1848-49

Marx et Engels journalistes au coeur de la révolution...

Une publication effectuée en collaboration avec la bibliothèque de sciences sociales de l'Université de Québec.


La Nouvelle Gazette Rhénane

K. Marx

La « révolution de Cologne »

n° 115, 13 octobre 1848


Cologne, 12 octobre

La « révolution » du 25 septembre fut une mascarade; c'est ce que nous raconte la Kölnische Zeitung et la Kölnische Zeitung a raison. Le 26 septembre, le « Commandement militaire de Cologne » installe son Cavaignac. Et la Kölnische Zeitung admire la sagesse et la modération du « Commandement militaire de Cologne ». Mais, qui est le plus ridicule : les travailleurs qui, le 25 septembre, s'exerçaient à dresser des barricades ou le Cavaignac qui avec le plus grand sérieux décréta le 26 septembre l'état de siège, suspendit des journaux, désarma la garde civique et interdit les associations ?
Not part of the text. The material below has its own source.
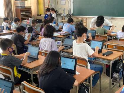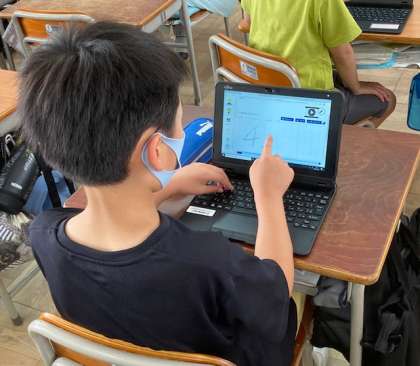 4年生がデジタルドリルに取り組みました。1学期に学習した問題をしました。1学期の学習内容の復習として取り組みました。

Pauvre Kölnische Zeitung ! Le Cavaignac de la « révolution de Cologne » ne peut pas avoir un pouce de plus que la « révolution de Cologne » elle-même. Pauvre Kölnische Zeitung ! La révolution, il faut qu'elle la prenne à la rigolade, et le « Cavaignac » de cette joyeuse révolution, il faut qu'elle le prenne au sérieux. Quel sujet désagréable, ingrat, contradictoire !

Nous ne perdrons pas de temps à justifier le Commandement militaire. D'Ester [1] a épuisé le sujet. D'ailleurs pour nous, le Commandement militaire n'est qu'un instrument aux mains d'une autorité supérieure. Les véritables auteurs de cette étrange tragédie, ce furent les « bourgeois bien-pensants », les Dumont et consorts. Il n'y a donc rien d'étonnant à ce que M. Dumont fasse colporter par ses journaux l'adresse [2] contre D'Ester, Borchardt et Kyll. Ce que ces bien-pensants avaient à défendre, ce n'était dans l'action du Commandement militaire, c'était leur propre action.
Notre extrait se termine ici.